_What you should do_. In the records that follow, find the line with "Abre la pestaña"; from there, retype every line exactly through the line with "首页 > 全部 > 期末专项", which also belongs to the answer.

The records section start

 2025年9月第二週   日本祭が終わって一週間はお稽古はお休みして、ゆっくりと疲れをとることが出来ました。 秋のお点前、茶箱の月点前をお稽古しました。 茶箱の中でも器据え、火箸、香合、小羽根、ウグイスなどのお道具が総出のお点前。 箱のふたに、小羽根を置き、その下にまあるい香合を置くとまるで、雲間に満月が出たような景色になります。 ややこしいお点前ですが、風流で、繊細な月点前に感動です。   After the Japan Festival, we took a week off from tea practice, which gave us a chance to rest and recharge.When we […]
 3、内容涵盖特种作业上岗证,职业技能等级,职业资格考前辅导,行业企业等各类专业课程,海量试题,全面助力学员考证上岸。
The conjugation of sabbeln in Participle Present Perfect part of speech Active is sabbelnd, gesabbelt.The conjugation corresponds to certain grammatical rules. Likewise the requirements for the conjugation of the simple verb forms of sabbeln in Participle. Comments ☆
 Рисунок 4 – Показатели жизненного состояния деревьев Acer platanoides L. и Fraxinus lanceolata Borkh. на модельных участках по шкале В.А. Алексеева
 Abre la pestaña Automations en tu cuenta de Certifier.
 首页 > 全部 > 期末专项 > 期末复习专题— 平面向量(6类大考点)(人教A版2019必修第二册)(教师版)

The records section end
The records section start

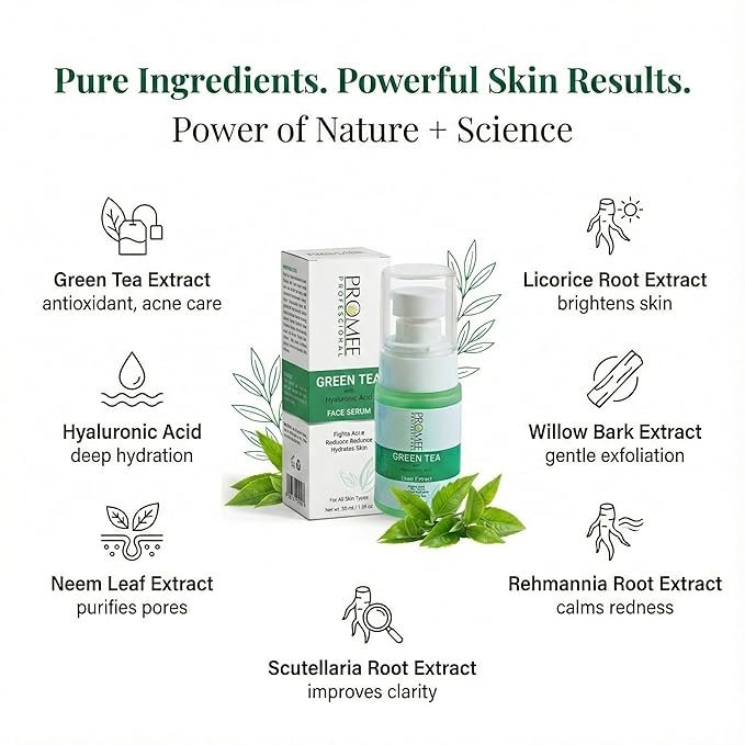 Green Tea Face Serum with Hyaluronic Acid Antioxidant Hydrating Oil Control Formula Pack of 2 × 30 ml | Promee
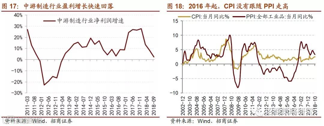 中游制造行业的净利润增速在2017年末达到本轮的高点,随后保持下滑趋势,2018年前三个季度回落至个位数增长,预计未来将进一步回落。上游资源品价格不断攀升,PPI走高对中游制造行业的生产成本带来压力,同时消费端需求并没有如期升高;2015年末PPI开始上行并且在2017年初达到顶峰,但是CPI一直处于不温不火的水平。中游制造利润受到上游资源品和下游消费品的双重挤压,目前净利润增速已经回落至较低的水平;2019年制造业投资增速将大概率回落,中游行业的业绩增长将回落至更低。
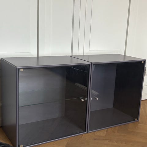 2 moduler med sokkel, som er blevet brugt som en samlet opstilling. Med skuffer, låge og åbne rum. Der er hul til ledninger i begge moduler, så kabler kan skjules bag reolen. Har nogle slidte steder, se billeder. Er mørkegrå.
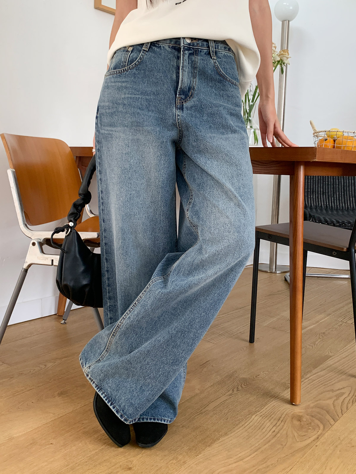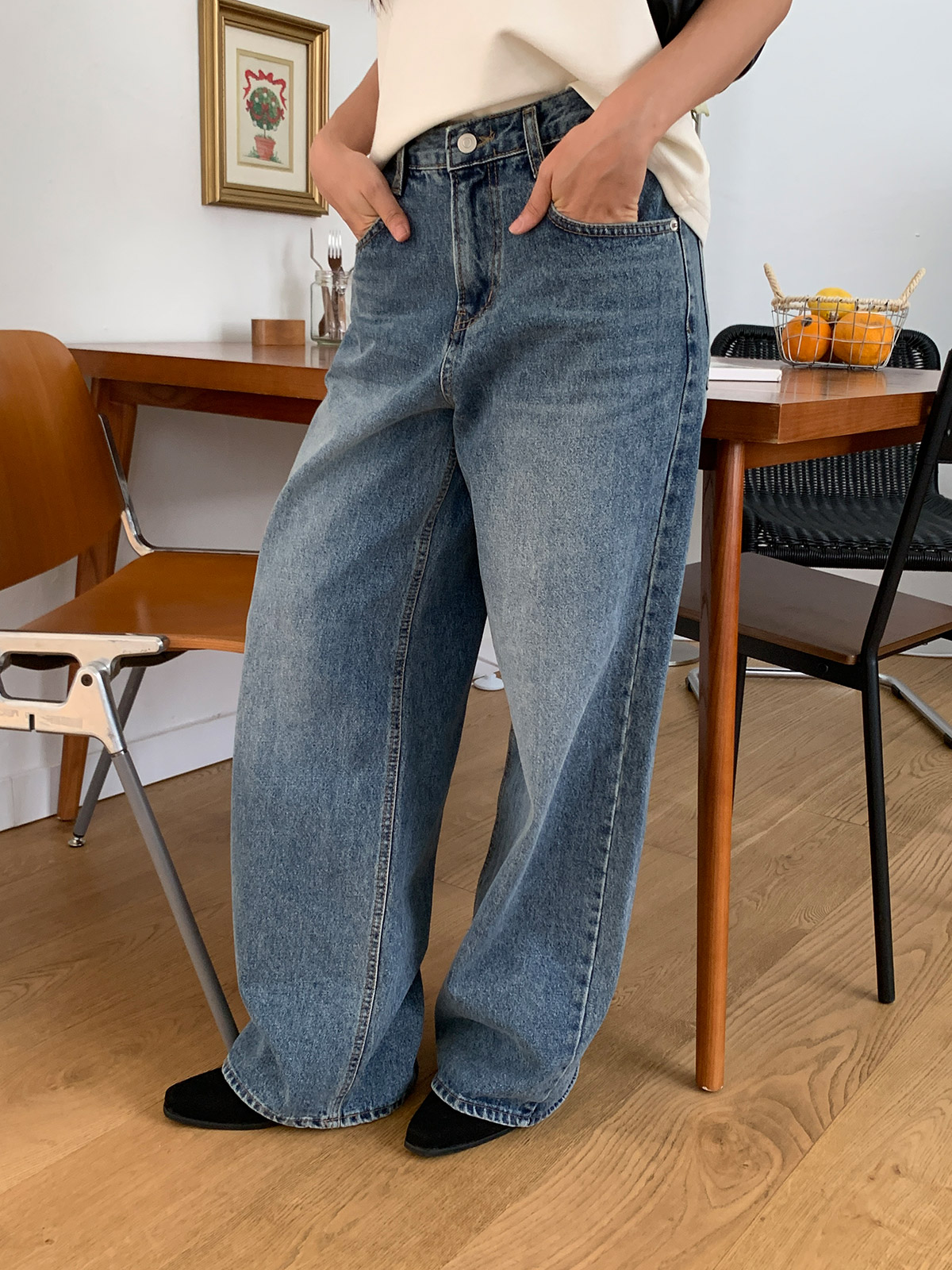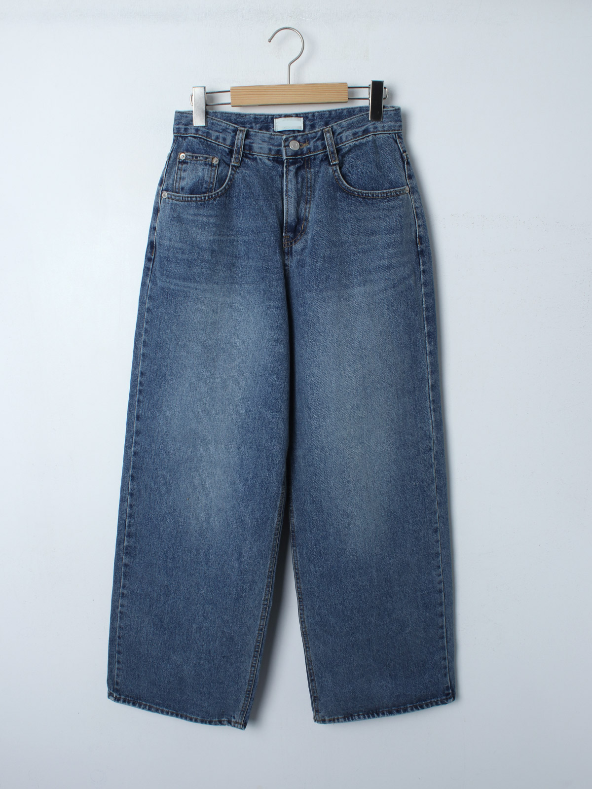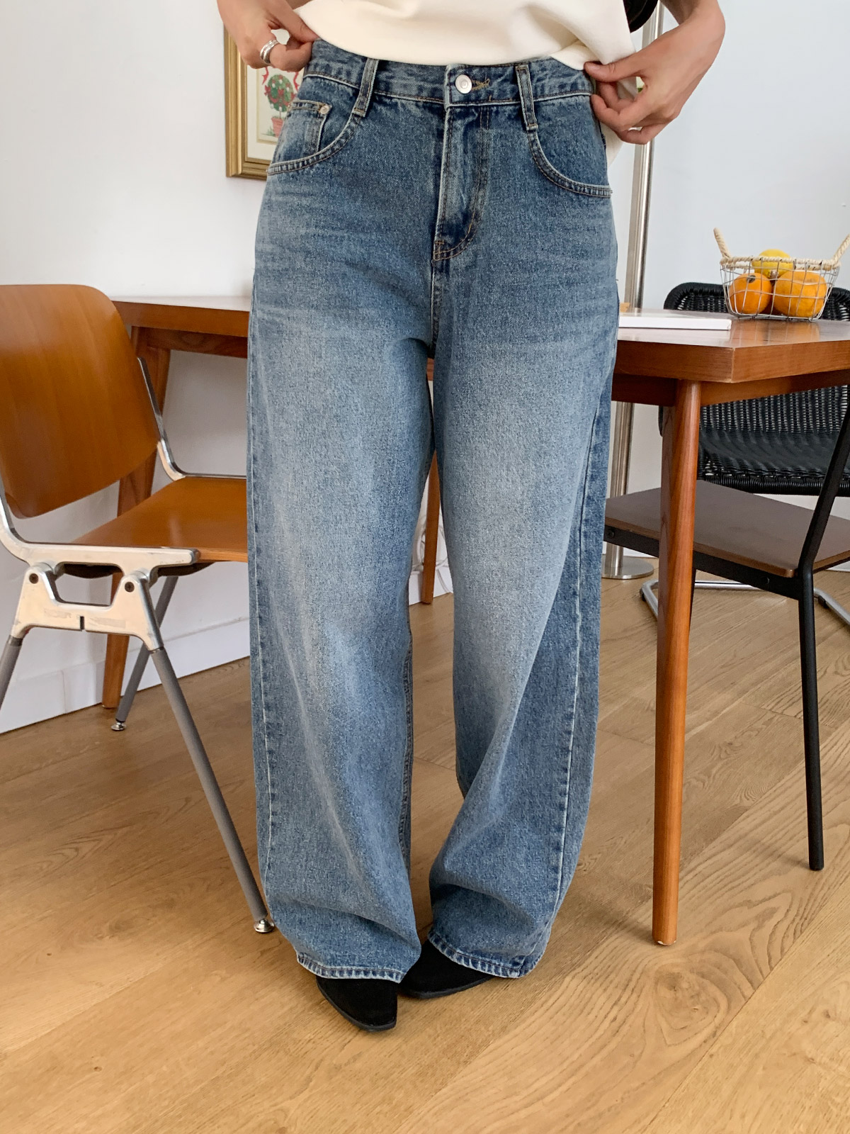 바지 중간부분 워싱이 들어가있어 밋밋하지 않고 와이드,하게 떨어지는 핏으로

The records section end

_Response to the exercise_.
 Abre la pestaña Automations en tu cuenta de Certifier.
 首页 > 全部 > 期末专项 > 期末复习专题— 平面向量(6类大考点)(人教A版2019必修第二册)(教师版)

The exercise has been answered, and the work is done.